Logit Prisms: Decomposing Transformer Outputs for Mechanistic Interpretability
๐ Abstract
The article introduces "logit prisms", a method to break down the outputs of transformer models into individual components, enabling a more interpretable understanding of how these models work. The key idea is to treat the non-linear activations in the model as constants, allowing the output to be expressed as a sum of linear projections. This allows the contributions of different parts of the model, such as attention heads, MLP neurons, and input embeddings, to be calculated and analyzed. The authors demonstrate the power of this approach through two examples analyzing the behavior of the gemma-2b model.
๐ Q&A
[01] Introduction
1. What is the logit lens and how does the article extend it?
- The logit lens is a tool for understanding how transformer models make decisions.
- This article extends the logit lens approach in a mathematically rigorous and effective way by treating certain parts of the network activations as constants and leveraging the linear properties within the network to break down the logit output into individual component contributions.
2. What are the "prisms" introduced in the article?
- The article introduces simple "prisms" for the residual stream, attention layers, and MLP layers that allow the authors to calculate how much each component contributes to the final logit output.
3. What are the two illustrative examples presented in the article?
- The first example examines how the gemma-2b model performs the task of retrieving a capital city from a country name.
- The second example explores how the gemma-2b model adds two small numbers (ranging from 1 to 9).
[02] Method
1. What is the key idea behind the logit prisms approach?
- The key idea is to treat nonlinear activations as constants, which enables the authors to calculate the contribution of any component in the network using a series of linear transformations.
2. How does the article decompose the residual stream?
- The article breaks down the output logit into individual terms for each embed, attention, and MLP layer by treating the normalization factor as a constant.
3. How does the article decompose the attention mechanism?
- The article breaks down the attention output into a sum over its attention heads, and further decomposes each attention head's output as a weighted sum of the circuit outputs for each token in the sequence.
4. How does the article decompose the MLP layers?
- The article breaks down the MLP output into a sum over individual neuron contributions by treating the scaling vector and normalization factor as constants.
[03] Examples
1. What insights does the article gain about the gemma-2b model's retrieval of capital cities?
- The article finds that the gemma-2b model learns to represent country names and capital city names in a way that allows it to easily transform a country embedding to the capital city unembedding using a linear projection.
2. What insights does the article gain about the gemma-2b model's addition of small numbers?
- The article finds that the network predicts output numbers using interpretable templates learned by MLP neurons, and that when multiple neurons are activated simultaneously, their predictions interfere with each other to produce the final prediction that peaks at the correct number.
3. How does the article visualize the digit unembedding space?

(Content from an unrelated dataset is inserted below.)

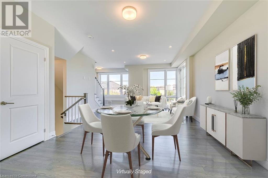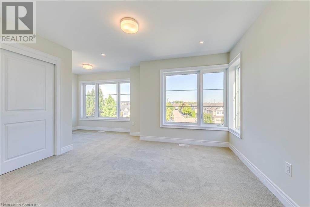 $321.43 MonthlyIntroducing 2273 Turnberry Road, #8, a brand new executive end-unit townhome nestled within an exclusive enclave in Millcroft! This residence offers a lifestyle of refined luxury, set amidst a community renowned for its top-rated schools, Millcroft Golf and Country Club, vibrant shopping, dining options, and easy highway access. The extended-height windows flood the interior with natural light. Quality built by Branthaven, the Knightsbridge model boasts approximately 2,415 square feet of luxurious living space (including 270 square feet in the finished basement) and over $60,000 in upgrades. The main level hosts a guest bedroom with a four-piece ensuite. The open-concept second level, with 9’ ceilings, is perfect for entertaining, and features an expansive living room, dining room, and a chef-inspired kitchen equipped with quartz countertops, large island, and French door access to terrace. Ascending to the third level, discover the oversized two primary retreats complete with its own spa-like ensuite and walk in closets. A generous-sized laundry room and tons of storage space complete this floor. Outdoor entertaining is effortless on the partially covered terrace with a gas barbecue hook-up and plenty of space for a dining area. Additional highlights include finished basement, with a spacious recreation room and ample storage space in the basement, along with inside access to the oversized two-car garage. This luxury townhome is situated on the premier lot of this subdivision and offers ideal south exposure and panoramic views of the Niagara Escarpment. (some images contain virtual staging) (id:55009)

- The article visualizes the digit unembedding space in 2D and discovers that the numbers form a heart-like shape with reflectional symmetry around the 0-5 axis.
[04] Conclusion
1. What is the main contribution of the article?
- The main contribution of the article is the introduction of "logit prisms", a simple but effective way to break down transformer outputs and make them easier to interpret.
2. What key insights did the article gain by applying logit prisms to the gemma-2b model?
- The article gained valuable insights into how the gemma-2b model works internally, including how it represents and retrieves factual information, and how it performs arithmetic operations.